One of those reasons was the theatre’s lake, beneath which has been installed a network of pipes for multicores and other infrastructure cabling to be run through.

“We were going to get a copper multicore made especially for the venue, but the EtherSound Cat5 link made a lot of sense financially. We intend to leave the infrastructure in place, so I’d rather leave 100m of Cat5 cable than £6,000 of copper,” says Steve,

“Another issue was with the pipes themselves - it’s not a straight run, so getting a standard multicore through would have been a nightmare. On top of that, when we opened the pipes up they were flooded, so when we arrived with the Cat5 we were very glad we’d gone down that route. There is a lot of unpleasant stuff in that water, which you really wouldn’t want to have to clean off a big multicore!”

Last - but by absolutely no means least - was the issue of audio quality. “The audio quality of the M7CL48-ES is a significant step up,” Steve continues. “It has brought it a lot closer to the PM5D, but you still have the M7CL’s user interface, which I really like. And it’s a really flexible console.”
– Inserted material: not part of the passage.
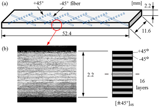 The specimen was [±45°]4S laminated CFRP with the width of 11.6 mm, length of 52.4 mm and thickness of 2.2 mm (Figure 3a). The materials were T700SC/2500 carbon/epoxy (Toray Co., Ltd., Tokyo, Japan) prepregs [34]. There were 16 layers (16-ply prepregs) and the thickness of each layer was 0.14 mm. First, 8 layers were alternately stacked with the stacking sequence of +45° and −45°. Then, another 8 layers were symmetrically stacked with the stacking sequence of −45° and +45° from the 9th layer to the bottom layer (Figure 3b), to form a balanced structure with less coupling effect [35]. The prepregs were cured in an autoclave at a preheating temperature of 90 °C for 1h followed by heating at 130 °C at a pressure of 0.2 MPa for 3.5 h, and the cured laminate was cut to the specimen with the desired size using a composite material cutting machine (AC-300CF, Maruto Testing Machine Co., Tokyo, Japan) [35].

Providing the musical accompaniment for the event was the Orchestra of Opera North. Jose Carreras and Dame Kiri sang both alone and together during the show, which also featured Huddersfield Choral Society, the whole production tied together by compére Brian Blessed.

Using a total of around 90 channels, the orchestra used a combination of DPA, Schoeps, Neumann, AKG and Shure microphones, Blessed had a wireless DPA headset and the opera stars each a pair of suitably, as Steve puts it, “über expensive” Schoeps mics.

“It was a standard setup for this kind of music,” he says. “Some engineers prefer two mics for the lead vocalists so they can have different inputs for FOH and monitors, but we had the second as a spare, just in case. The channels were all paired at FOH, so it was a failsafe.”

Things at the mix position were, inevitably, fairly complex. The two opera stars had brought their own front of house engineers, Steve manned the faders during Blessed’s segments and co-ordinated things between the two visiting engineers, while Martin Atkinson mixed the orchestra and choral society. But things all went very smoothly, despite having to do some rapid planning and the pre-show line checks having to be done in a downpour.

“The biggest challenge was really the amount of time we had to prepare,” says Steve. “The programme wasn’t decided until later than we’d have ideally liked and we couldn’t work out the size of the orchestra until we knew that. But once we had the information, Richard McLean at Yamaha bent over backwards to help us. For example, once we realised it would be a three-desk gig, he loaned us a flightcase to get all the consoles there safely. It was a big show and he was a great help.

“Configuring the system during the line check was difficult, everybody got soaked,” Steve continues. “One thing the venue had overlooked was adequate cover at the FOH position, but we rigged up some tarpaulins and had no problems whatsoever with the consoles.”

After a wide range of music had been performed to an appreciative crowd, an aptly rousing rendition of Scarborough Fair, followed by the 1812 Overture with accompanying fireworks brought Scarborough Open Air Theatre’s spectacular reopening concert to a close.

“On the show day the weather was fantastic. We expected the odd problem, but everything worked flawlessly,” says Steve. “The acoustics are fantastic and we had a number of comments about the good sound.

“Yamaha’s support was also excellent. It has always been very good, they are very flexible on any manner of things. It makes a big difference to us.”